We also know that $Var(I_j) = \frac{G}{N} \cdot \frac{B}{N}$ where $B = N-G$ is the number of bad elements in the population.

Also by symmetry, $Cov(I_j, I_k)$ is the same for each pair $j, k$ where $j \ne k$. The example above tells us how to calculate this common value.

$$ Cov(I_j, I_k) = \frac{G}{N} \cdot \frac{G-1}{N-1} - \frac{G}{N} \cdot \frac{G}{N} $$Therefore

$$ \begin{align*} Var(X) &= \sum_{j=1}^n Var(I_j) + \mathop{\sum \sum}_{1 \le j \ne k \le n} Cov(I_j, I_k) \\ \\ &= n \frac{G}{N} \cdot \frac{B}{N} ~ + ~ n(n-1) \Big{(} \frac{G}{N} \cdot \frac{G-1}{N-1} - \frac{G}{N} \cdot \frac{G}{N} \Big{)} \\ \\ &= n \frac{G}{N} \cdot \frac{B}{N} ~ + ~ n(n-1) \frac{G}{N} \Big{(} \frac{G-1}{N-1} - \frac{G}{N} \Big{)} \\ \\ &= n \frac{G}{N} \cdot \frac{B}{N} ~ - ~ n(n-1) \frac{G}{N} \cdot \frac{N-G}{N(N-1)} \\ \\ &= n \frac{G}{N} \cdot \frac{B}{N} \cdot \Big{(} 1 - \frac{n-1}{N-1} \Big{)} \\ \\ &= n \frac{G}{N} \cdot \frac{B}{N} \cdot \Big{(} \frac{N-n}{N-1} \Big{)} \\ \\ &= npq \cdot \frac{N-n}{N-1} \end{align*} $$where $p = \frac{G}{N}$ and $q = 1-p$.

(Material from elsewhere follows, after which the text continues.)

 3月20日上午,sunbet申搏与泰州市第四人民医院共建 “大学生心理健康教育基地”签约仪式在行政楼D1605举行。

Notice that the formula is the same as the formula for the variance of the binomial, apart from the factor of $\frac{N-n}{N-1}$.

We can generalize this result to the case where the population isn't binary.

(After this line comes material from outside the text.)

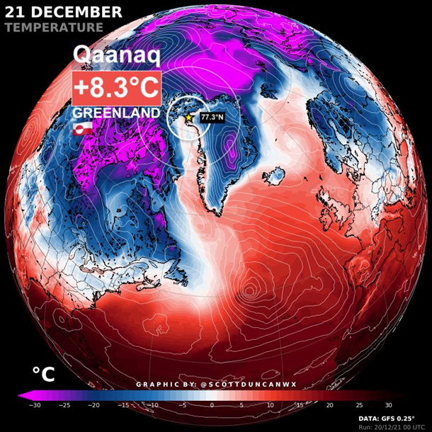 На севере Гренландии зафиксировали аномально высокую температуру. Об этом сообщил в Facebook Украинский гидрометеорологический центр сл ссылкой на метеоролога Скота Дункана.Отмечается, что в одном из самых северных городов на планете – Каанааке – 21 декабря был побит температурный рекорд. Максимальная температура в дневные часы поднялась до +8,3 градуса Цельсия. "Для таких высоких широт, учитывая холодный период года, и тот факт, что в Гренландии сейчас царит полярная ночь – это настоящая аномалия!", – подчеркнули в гидрометцентре. | |

### Variance of a Simple Random Sample Sum

Suppose we have a population of $N$ numbers which need not be only zeros and ones. Suppose the population has mean $\mu$ and standard deviation $\sigma$. Draw a simple random sample of size $n$ from the population. For $j$ in the range 1 through $n$, let $X_j$ be the $j$th value drawn.

Let $S_n = X_1 + X_2 + \cdots + X_n$. Then $E(S_n) = n\mu$, and

$$ Var(S_n) ~ = ~ \sum_{i=1}^n Var(X_i) + \mathop{\sum \sum}_{1 \le i \ne j \le n} Cov(X_i, X_j) ~ = ~ n\sigma^2 + n(n-1)Cov(X_1, X_2) $$by symmetry.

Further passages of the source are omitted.